Una ritorsione spietatissima dei talebani per la repressione del governo contro i militanti islamici iniziata proprio quel 3 luglio 2007 alla Lal Masjid di Islamabad e sviluppatasi costantemente nell’arco di sette anni.

 

“The smallest coffins are the heaviest” si legge sui cartelli che accompagnano le veglie organizzate in molte città del mondo.  Londra, Lahore, Toronto, Washington dicono basta al sangue dei bambini. Una tragedia nazionale di eco mondiale, i decibel dell’indignazione schizzano in alto come sempre quando si toccano i bambini.

 

Maulana Aziz fa la sua apparizione televisiva subito dopo rifiutandosi di condannare gli autori del terribile attentato: il Tehreek-e-Taliban Pakistan (TTP), i taliban pachistani attivi nelle aree pashtun lungo il confine afgano-pachistano.
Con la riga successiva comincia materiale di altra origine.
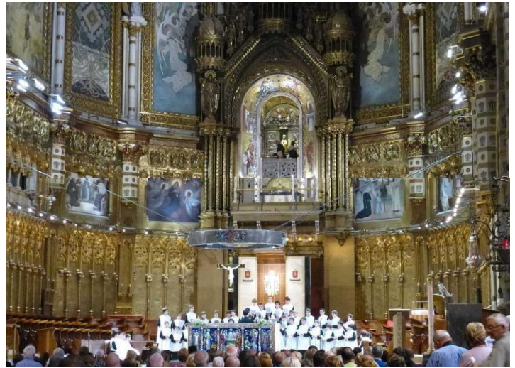
Hình bên trái: sàn gạch đá đen trắng của sân trước nhà thờ được kiến trúc dựa theo kiến trúc của Michelangelo ở Rome. Ở giữa sàn có ghi chữ Latin nói về lễ rửa tội. Hình bên phải: trong nhà thờ với đoàn thánh ca Escolia đang trình diễn; chính giữa và trên cao là tượng Đức Mẹ Đen.

Hàng ngày vào lúc 13:00, nhà thờ có đoàn thánh ca Escolania de Montserrat trình diễn trong chính điện. Bài thánh ca về Đức Mẹ của Montserrat gọi là Vilorai, bắt đầu bằng những chữ : “Rosa d’abril, Morena de la serra...” (April rose, dusky lady of the mountain chain...) vì thế mà tượng Đức mẹ này đôi khi còn được gọi là Rosa d’abril.

In Pakistan è in atto un conflitto ideologico tra la modernità e la restaurazione islamica. Malgrado le pressioni internazionali il Pakistan resta il principale finanziatore dei talebani afghani. Dopo la strage di Peshwar, il governo allora in carica di Pervez Musharraf ha adottato un piano di de-radicalizzazione della società pakistana e introdotto l’obbligo per le madrase di registrarsi e a rendere pubbliche le loro fonti di finanziamento. Nessun governo è riuscito tuttavia da allora ad assicurarne il rispetto.

 

Negli ultimi anni il governo ha chiuso circa duemila madrase sospettate di legami con la militanza islamica radicale. Al momento ci sono quasi due milioni di studenti inscritti nelle scuole islamiche del Pakistan. Il National Action Plan, il pacchetto di misure adottate dal Primo ministro Nawaz Sharif, è troppo poco, troppo tardi e troppo legato alle élite religiose del Paese.

 

C’è chi resiste, tuttavia, chi si batte per le giovani generazioni, chi prova ad afferrare il Pakistan per una mano e trattenerlo dal precipitare nel pozzo dell’indottrinamento e della radicalizzazione.

 

Tariq nella scena finale di Among the Believers riapre la scuola attaccata dai talebani legati alla rete organizzativa della Moschea Rossa.

 

“Se la prossima generazione studierà tutti noi impareremo.”